The response must be the exact lines from the line holding "Un mineur d'Annoeuillin, M." through the end of the entries, with no pictures and nothing else.

### MATERIAL FOR THIS EXERCISE
* * * * * * * * *

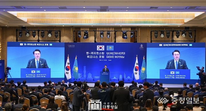 충청일보 김은경 기자 | 카자흐스탄을 국빈 방문 중인 윤석열 대통령은 6월 12일 오후 힐튼 아스타나 호텔에서 열린 「한-카자흐스탄 비즈니스 포럼」에 참석했다. “협력을 넘어 동반으로”라는 주제로 열린 오늘 포럼에는 카슴 조마르트 토카예프 카자흐스탄 대통령도 함께 참석했다.
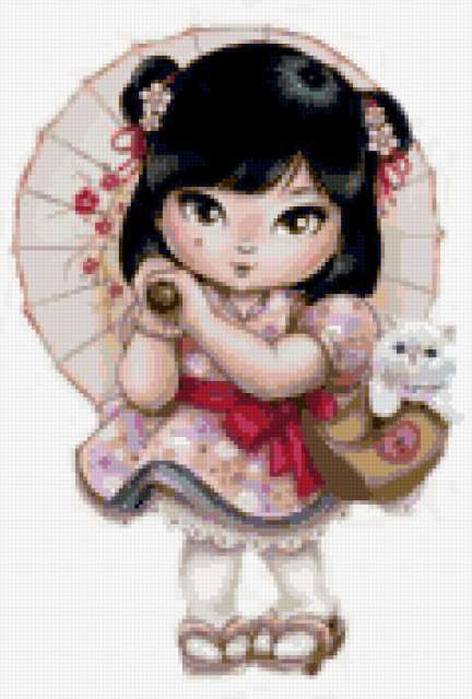 Ориентировочно так, схема вышивки «Devochka», созданная автором lukrecija12, будет выглядеть при отшиве на канве. Размер данной вышивки равен 119x176 крестов, при этом используется 46 цветов. Ключевые слова, по которым можно найти эту схему: deti, rebionok. Также, вы можете взглянуть на оригинальную картинку, соответствующую данной схеме вышивки.
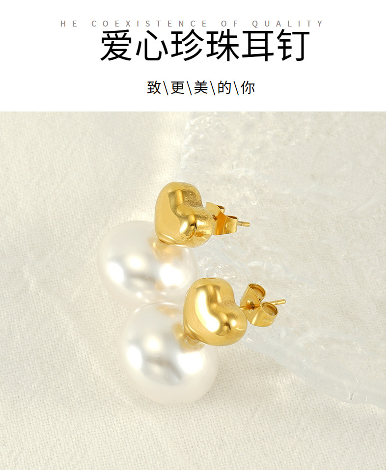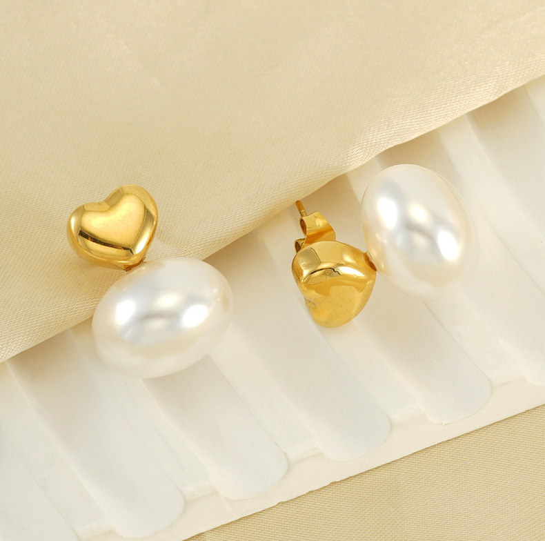 Francés retro de acero inoxidable precioso perla pendientes de titanio de acero diseño chapado en oro elegante todo-fósforo pendientes simples para las mujeres
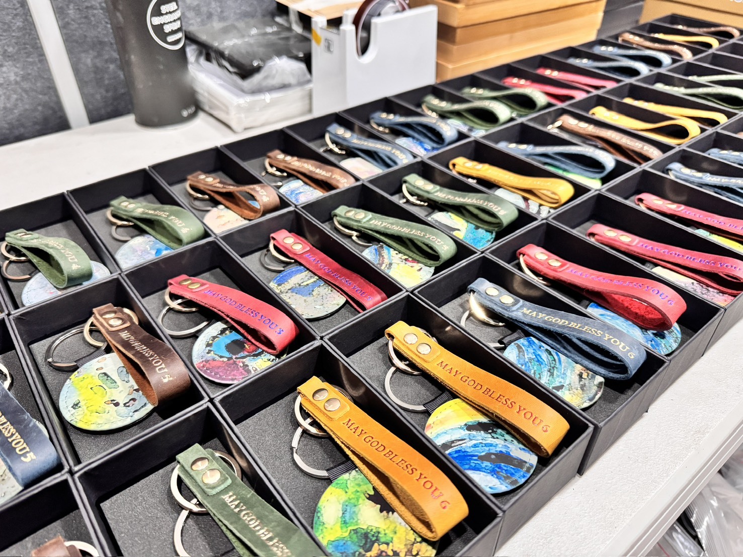 🎨 把藝術變成禮物:非營利組織的專屬客製化鑰匙圈計畫非營利組織活動禮品:專屬皮件客製化鑰匙圈每個人都能擁有畫作的一小部分這次我們與一個非營利組織合作,對方舉辦了一場充滿創意的藝術活動。參與者共同完成多幅大型畫作,活動結束後,主辦單位希望能讓每位參與者帶走一份紀念——於是產生了這個想法:「將畫作分割成許多小圖,印製在專屬的鑰匙圈上,讓每個人都能收藏作品的一小部分。」🔧 客製化細節與設計規劃為了讓禮品更具質感與收藏價值,我們提出了進一步的設計建議:皮件搭配多色選擇: 皮革顏色包含深綠、深藍、棕色、紅色、芥末黃等,每一個都能搭配不同的畫作色調。皮革燙印文字客製: 可選擇燙金、燙銀或無色壓印,印上「MAY GOD BLESS YOU」或其他專屬字句。高質感禮盒包裝: 採用黑色天地蓋禮盒,內襯EVA泡棉,盒蓋以玫瑰金燙印LOGO,讓每個禮品開箱瞬間更有儀式感。這項合作的難度相當高,每一個鑰匙圈都印上不同的圖案,皮件與壓印顏色也不盡相同。即便如此,最終成果完美呈現,客戶非常滿意,目前已著手規劃第二批製作。💡 沛森不只是製造,我們提供整合解決方案沛森不僅是OEM生產廠商,更是專業的整合執行夥伴,提供:禮品設計與包裝規劃現場印製與活動體驗設備租借與技術支援行銷整合與品牌合作提案我們擅長將「活動理念」轉化為「具體可收藏的禮品」,不論是藝術活動、企業尾牙、品牌記者會或VIP會員活動,都能幫助品牌創造令人難忘的體驗。📞 聯絡我們想為你的活動打造專屬禮品嗎? 歡迎與沛森聯繫,我們提供一對一客製化諮詢,協助你從概念到成品一次完成。👉 點此聯絡我們標籤: 企業禮品、客製化鑰匙圈、活動贈品、皮革燙印、禮盒包裝、非營利組織禮品、沛森文創
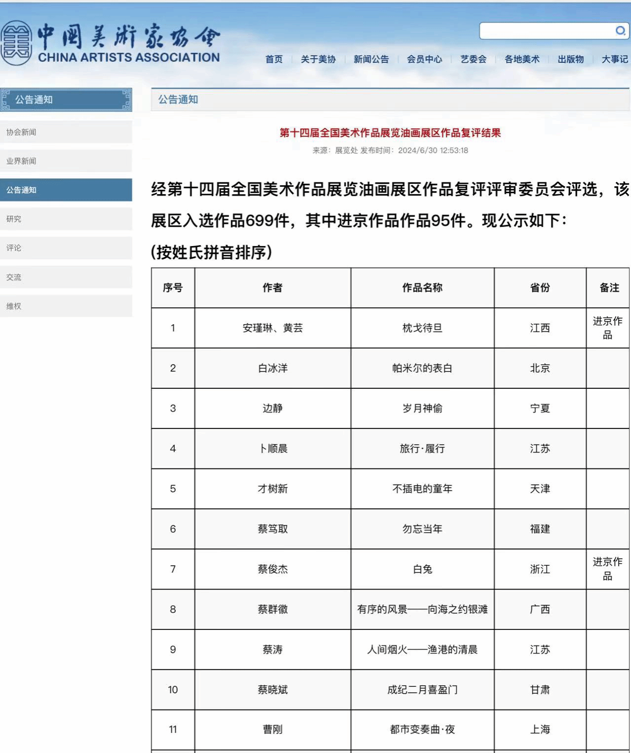 “全国美术作品展览”创办于1949年,至今已经成功举办13届,创办至今推出了一大批美术人才和美术精品,在新中国美术史上具有重要地位,为推动新中国美术事业繁荣发展发挥了重要作用。李澎霖老师的油画作品入选,体现了36365线路官网教师在绘画创作方面的较高艺术水准和专业水平,将对36365线路官网相关专业建设与高质量发展起到积极的影响与带动作用。
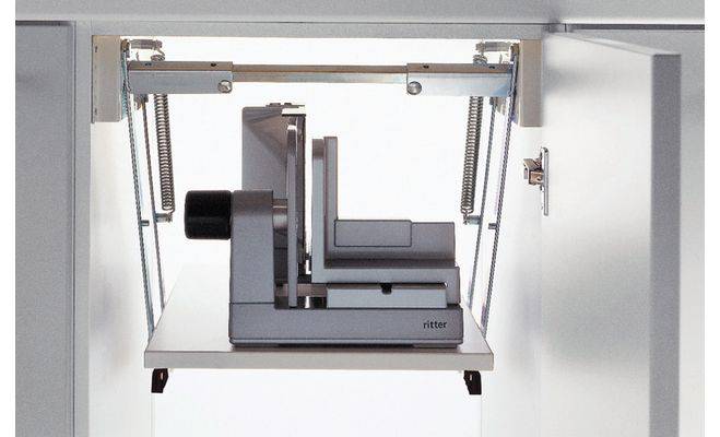 Поворотна фурнітура з 4 пружинами для кухонних шаф, виготовлена зі сталі з пластиковим покриттям білого кольору. Несуча здатність складної фурнітури 10 кг, монтажна ширина 410-570 мм, монтажна висота 505 мм, глибина відкидання 468 мм, корисна висота 240 мм. Монтаж поворотної фурнітури виконується шляхом пригвинчування до бокової стінки.
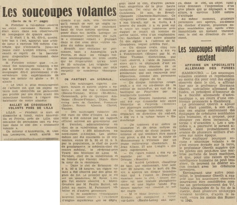 Un mineur d'Annoeuillin, M. Gaston Lecoeuvre, avait alerté les clients d'un café, leur déclarant qu'il venait de voir un engin lumineux en forme de croissant haut de trois mètres environ se poser dans son jardin. Lorsque les consommateurs sortirent du café le "croissant volant" évoluait dans le ciel avec deux autres engins du même genre.
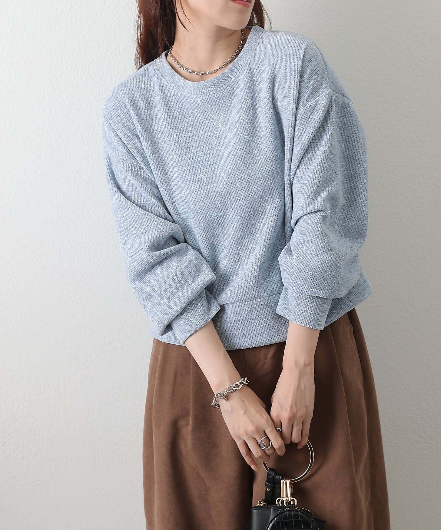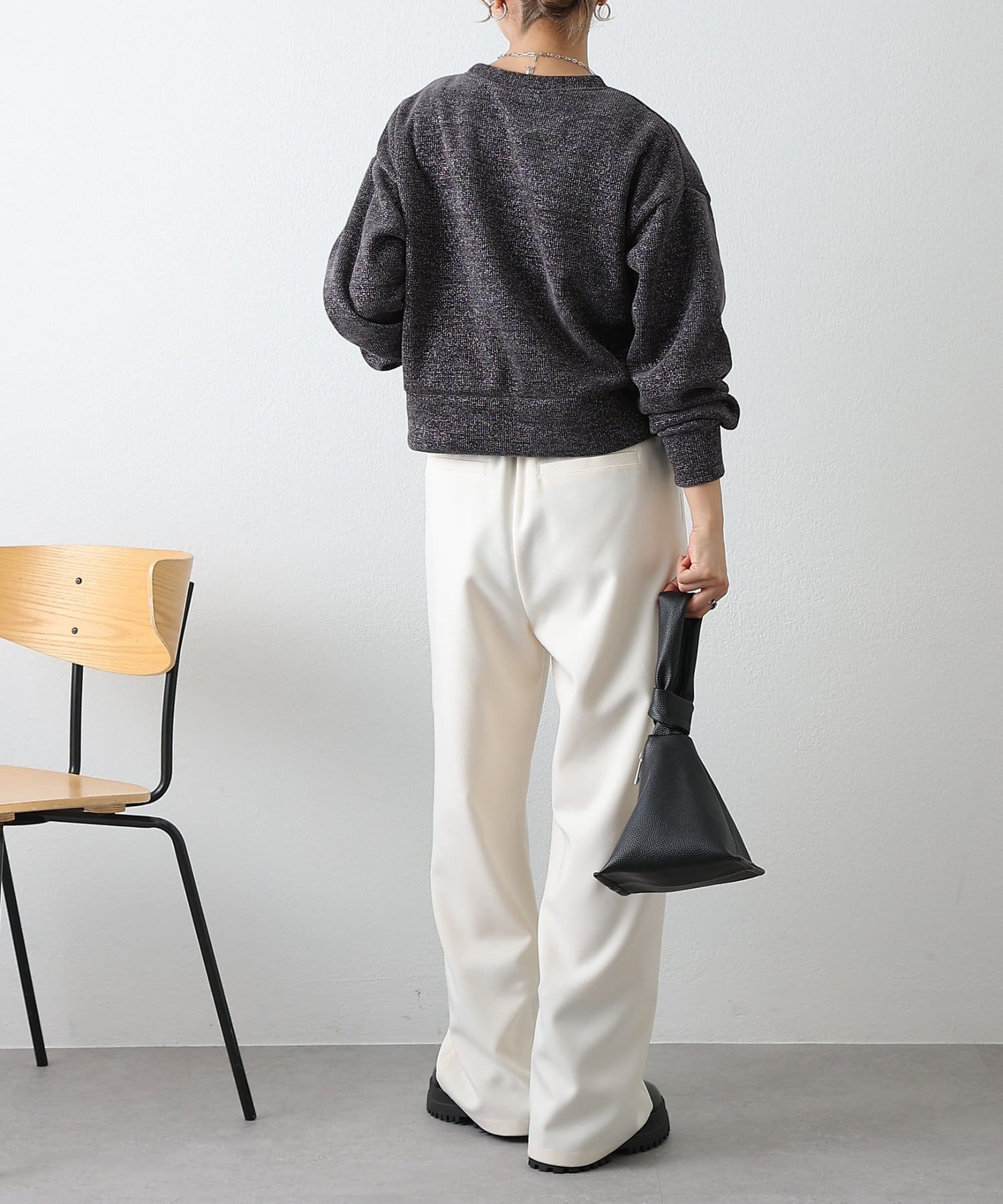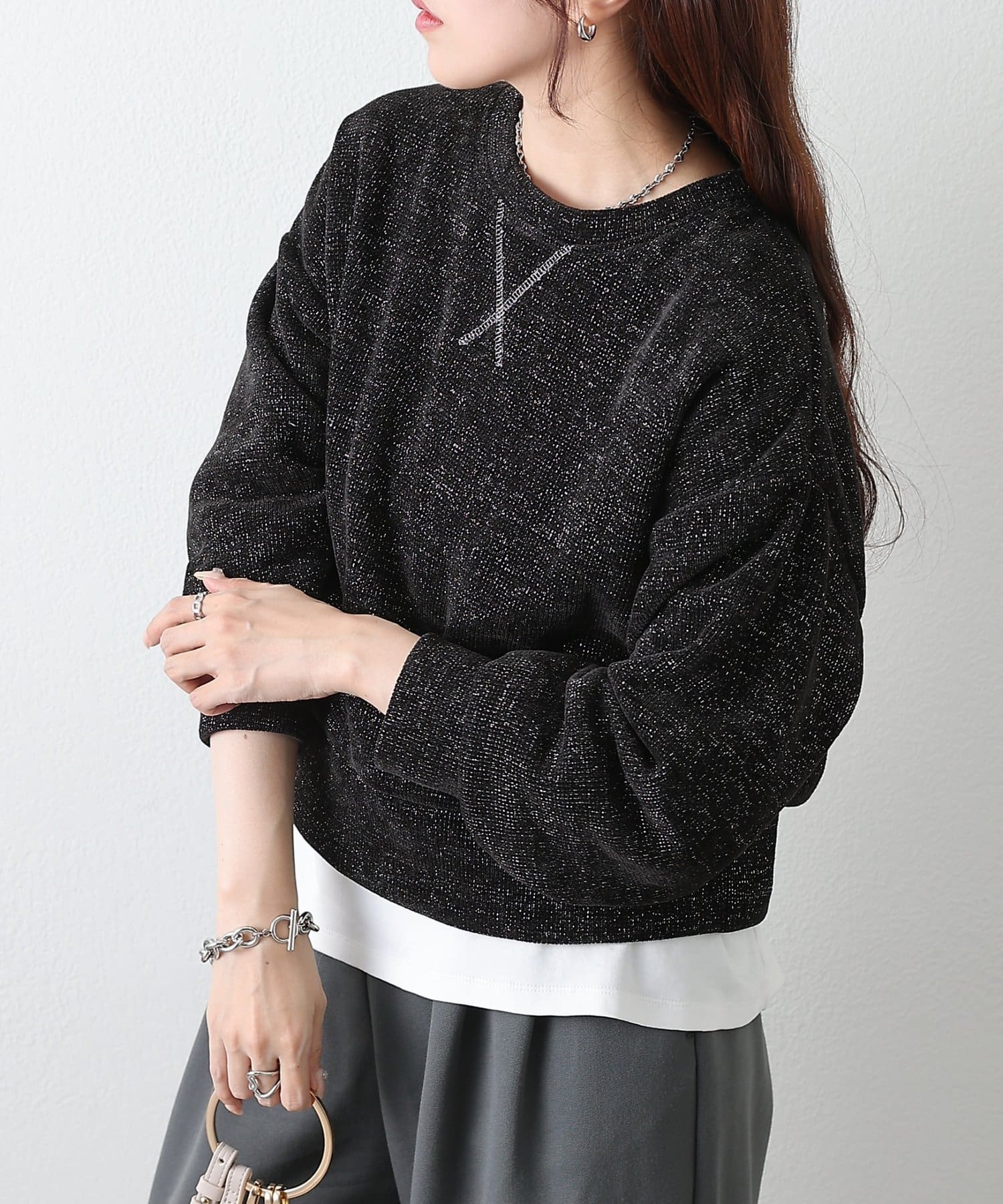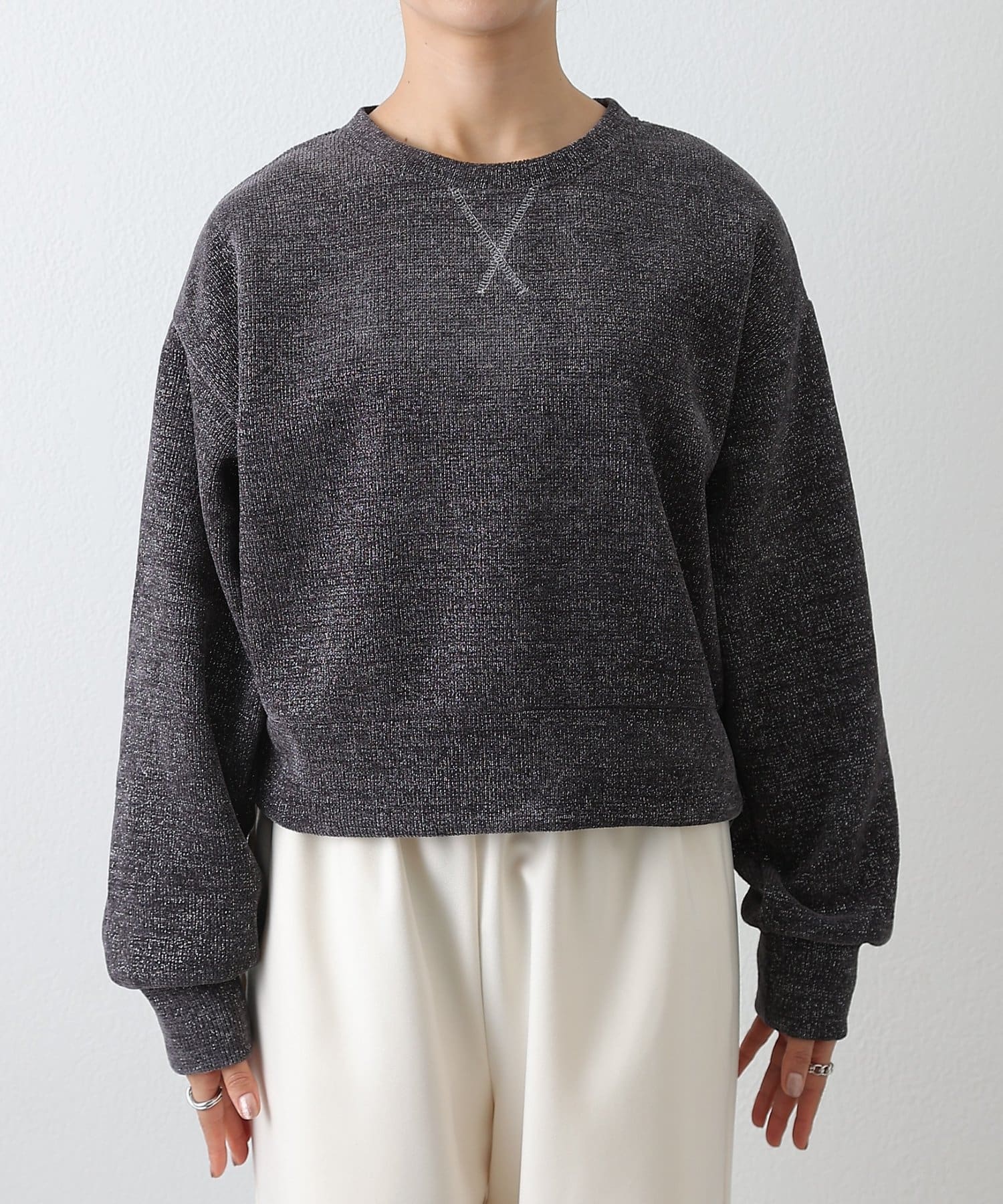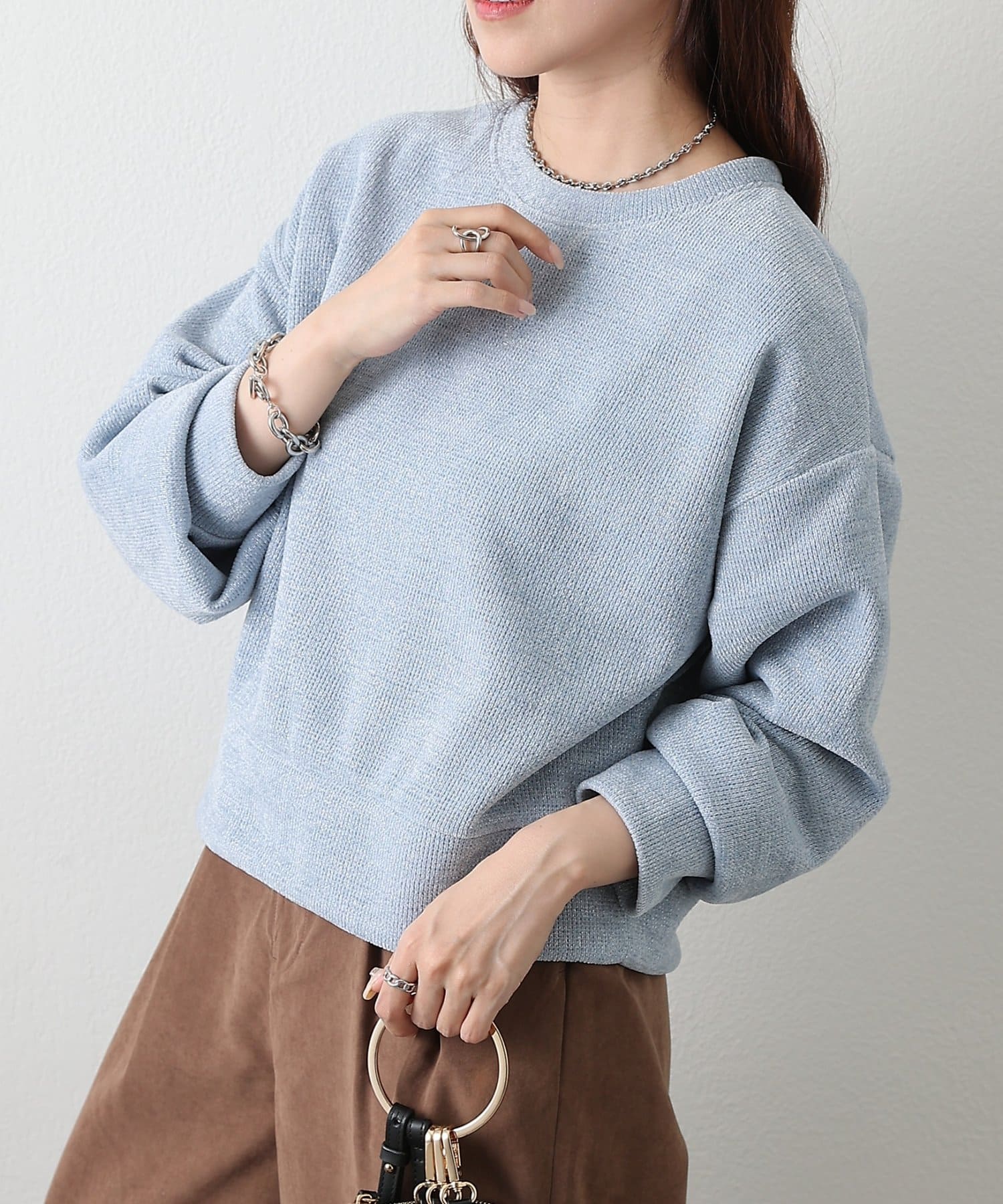 繊細に輝くラメを編み込んだモール素材が、柔らかな質感と華やかな存在感をあわせ持つクルーネックプルオーバーです。

* * * * * * * * *

### SOLUTION FOR THIS EXERCISE
 Un mineur d'Annoeuillin, M. Gaston Lecoeuvre, avait alerté les clients d'un café, leur déclarant qu'il venait de voir un engin lumineux en forme de croissant haut de trois mètres environ se poser dans son jardin. Lorsque les consommateurs sortirent du café le "croissant volant" évoluait dans le ciel avec deux autres engins du même genre.
 繊細に輝くラメを編み込んだモール素材が、柔らかな質感と華やかな存在感をあわせ持つクルーネックプルオーバーです。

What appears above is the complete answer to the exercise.